───── Data excerpt ─────

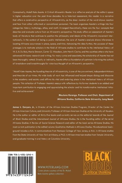 Conceptually, Molefi Kete Asante: A Critical Afrocentric Reader is a reflexive analysis of the editor's space in higher education over the past three decades. As a historical assessment, this reader is a narrative that offers a constructive perspective of Afrocentricity, as the sheer mention of the word draws reaction and fear from either uniformed or conventional personnel. The book organizes Asante's writings into four categories: history, mythology, ethos, and motif. Arranged theoretically, these are the four concepts that describe and evaluate culture from an Afrocentric perspective. This study offers an assessment of Asante's body of literature that continues to position the philosophy and ideals of the Afrocentric movement internationally. In the context of being a public intellectual, the core of Asante's analysis draws inferences in locating Africana occurrences in place, space, and time. Advancing this idea further, the purpose of these presages is to motivate scholars in the field of Africana studies to contribute to the intellectual history of W. E. B. Du Bois, Maria Stewart, Carter G. Woodson, John Henrik Clarke, and the countless others who have advanced Africana research and writing. For many cynics and associates, the scholarship of Asante has not been thoroughly vetted. Directly or indirectly, Asante offers a foundation of optimism in forming the outliers of breakdown and breakthroughs for victorious thought of an Afrocentric perspective.
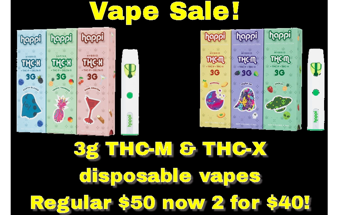 Happi Happy Hour Collection 3G THC-X & THC-M disposables 2 for $40 (Normal $50)
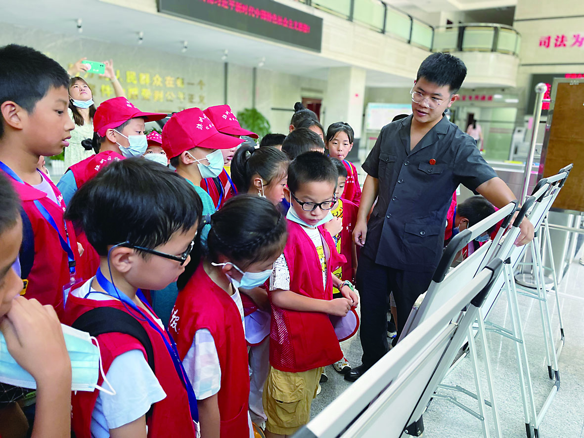 ◀暑假,校园记者走进法院零距离了解法院工作。 记者/彭慧洁 摄

─────

Task brief: With the pictures omitted, copy exactly the lines from the line that contains "Happi Happy Hour" through the end of the material.

Written response:
 Happi Happy Hour Collection 3G THC-X & THC-M disposables 2 for $40 (Normal $50)
 ◀暑假,校园记者走进法院零距离了解法院工作。 记者/彭慧洁 摄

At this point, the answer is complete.